* Work order
The data that follows must be transcribed in full and exactly, minus the pictures.

━━ Information shown

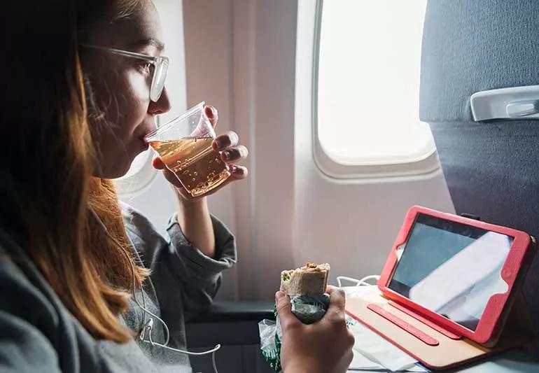 To keep your digestive system moving, you need to keep your body moving. While this can be hard to work around if you’re stuck on a plane, train or automobile, try your best to move around and stretch as much as you can by scheduling stretching breaks or doing small, seated workouts.
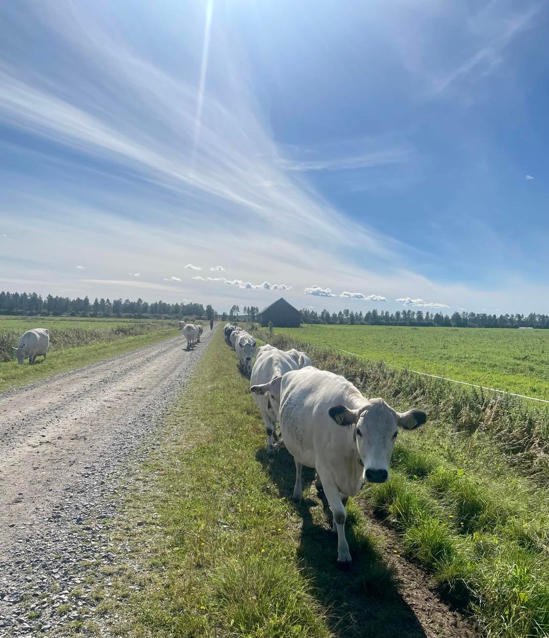 Figure 7: Late summer walk with Northern Finncattle from their pasture back to the living gene bank. Photo taken by Charlotte Kroløkke, August 2022
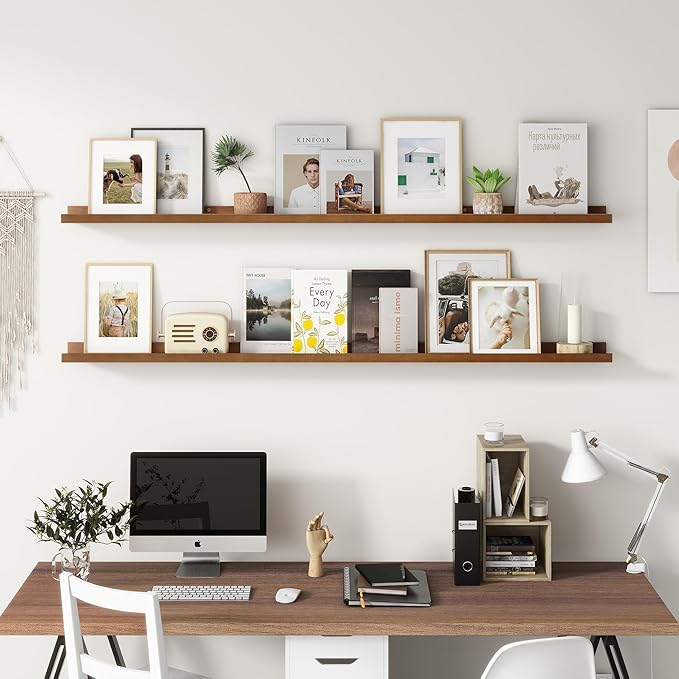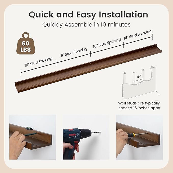 - Easy to Install: You will get a level, screws for the wall, drywall anchors, a detailed installation guide, and two beautiful hand-crafted solid pine wood shelves. With the level, you can make sure your picture ledge shelves are well aligned. Just follow the simple instruction to install the hanging shelves for wall decor within 10 minutes. We add additional screw and anchor to the hardware bag just in case. If you have any questions about our products, please feel free to contact us
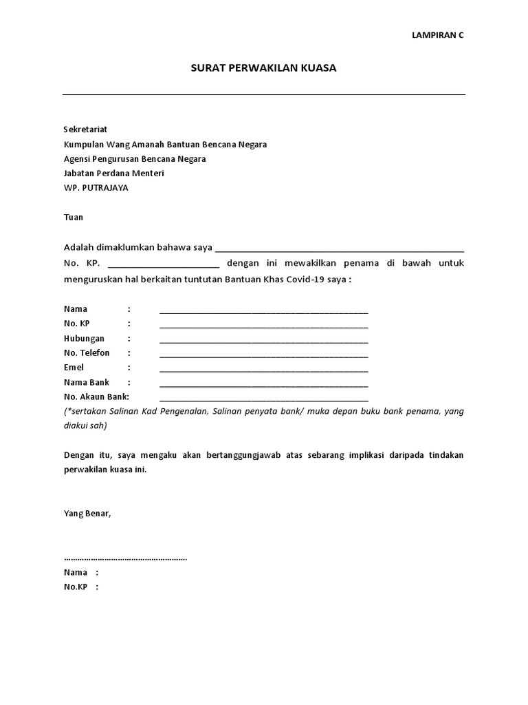 Contoh Surat Rasmi Wakil Kuasa J Kosong V
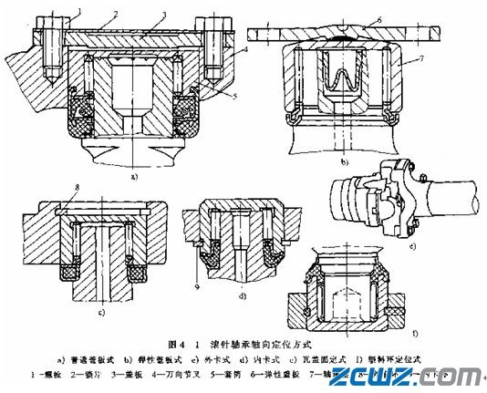 目前常見的滾針軸承軸向定位方式有蓋板式(圖4—1a、b)、卡環(huán)式(圖4—1c、d)、瓦蓋固定式(圖4—1e)和塑料環(huán)定位式(圖4—1f)等。
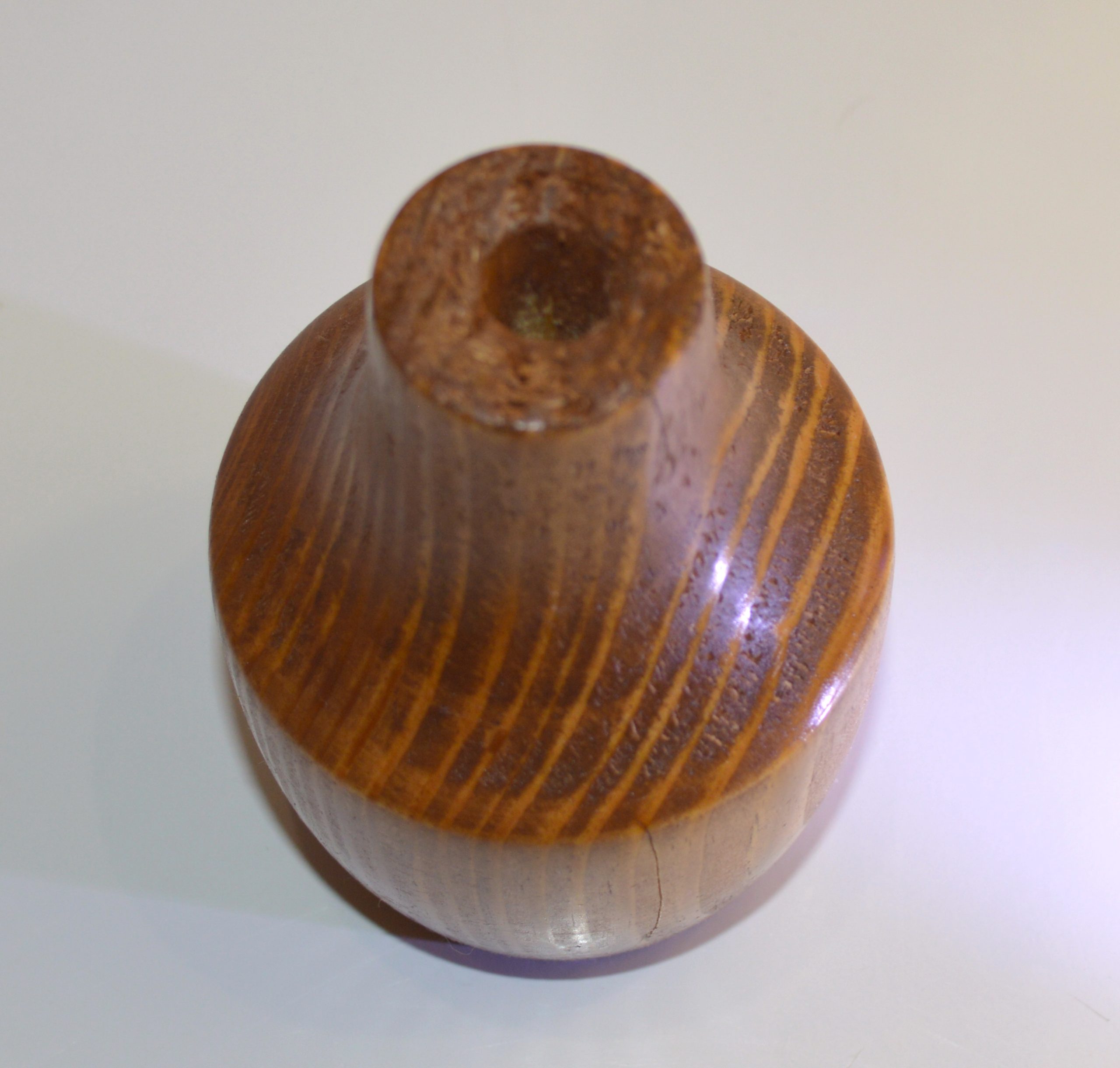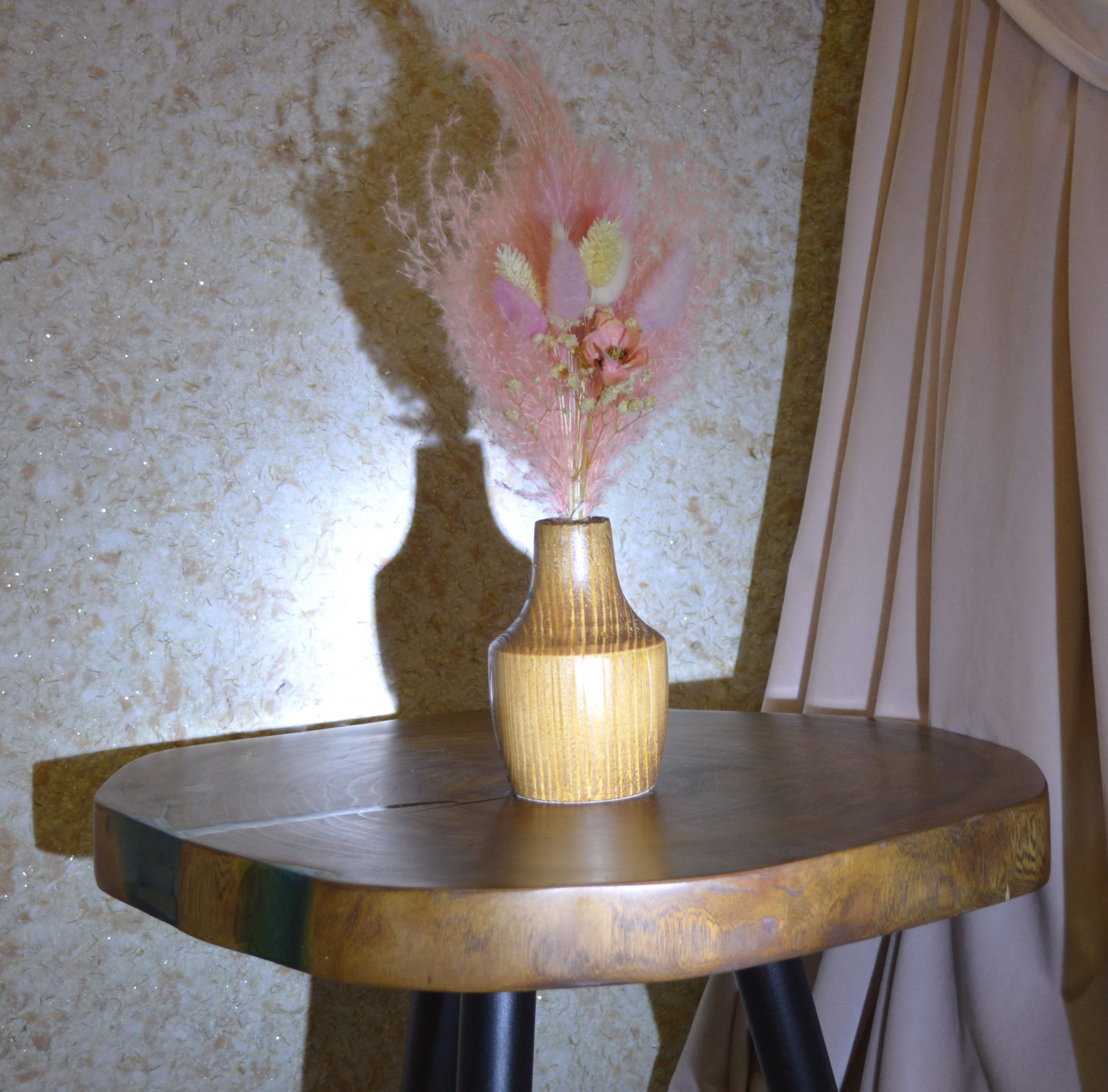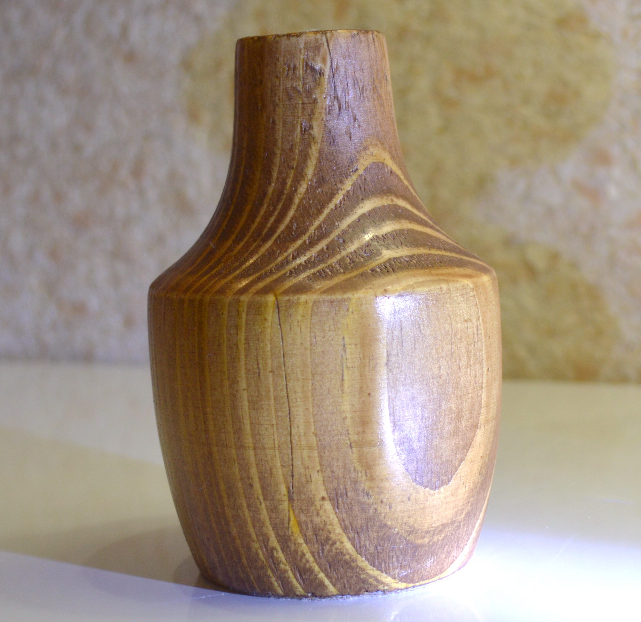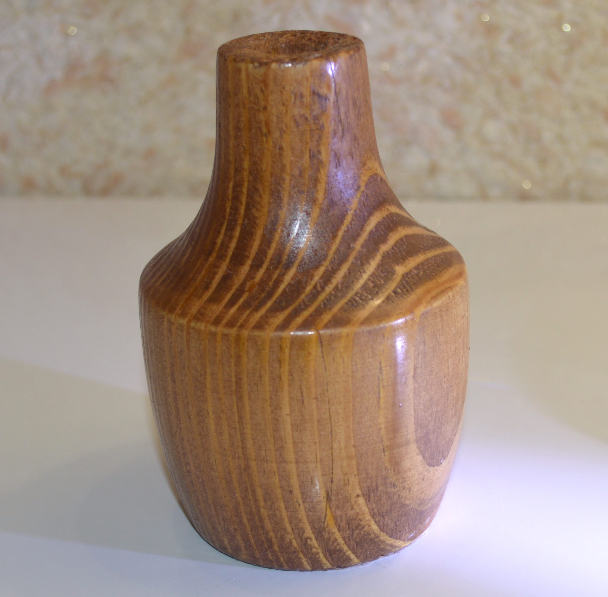Компактная, выполненная из массива сосны ваза под цветы сухоцветы. Размеры: высота — 11,7 см, диаметр горловины под стебли — 12 мм, глубина — 8,8 см. Естественный рисунок природного материала. Для более чёткого выделения рисунка, покрыта лазурью + масло-воском. Ручная работа в единственном экземпляре.

━━━━

* Response area
 To keep your digestive system moving, you need to keep your body moving. While this can be hard to work around if you’re stuck on a plane, train or automobile, try your best to move around and stretch as much as you can by scheduling stretching breaks or doing small, seated workouts.
 Figure 7: Late summer walk with Northern Finncattle from their pasture back to the living gene bank. Photo taken by Charlotte Kroløkke, August 2022
 - Easy to Install: You will get a level, screws for the wall, drywall anchors, a detailed installation guide, and two beautiful hand-crafted solid pine wood shelves. With the level, you can make sure your picture ledge shelves are well aligned. Just follow the simple instruction to install the hanging shelves for wall decor within 10 minutes. We add additional screw and anchor to the hardware bag just in case. If you have any questions about our products, please feel free to contact us
 Contoh Surat Rasmi Wakil Kuasa J Kosong V
 目前常見的滾針軸承軸向定位方式有蓋板式(圖4—1a、b)、卡環(huán)式(圖4—1c、d)、瓦蓋固定式(圖4—1e)和塑料環(huán)定位式(圖4—1f)等。
Компактная, выполненная из массива сосны ваза под цветы сухоцветы. Размеры: высота — 11,7 см, диаметр горловины под стебли — 12 мм, глубина — 8,8 см. Естественный рисунок природного материала. Для более чёткого выделения рисунка, покрыта лазурью + масло-воском. Ручная работа в единственном экземпляре.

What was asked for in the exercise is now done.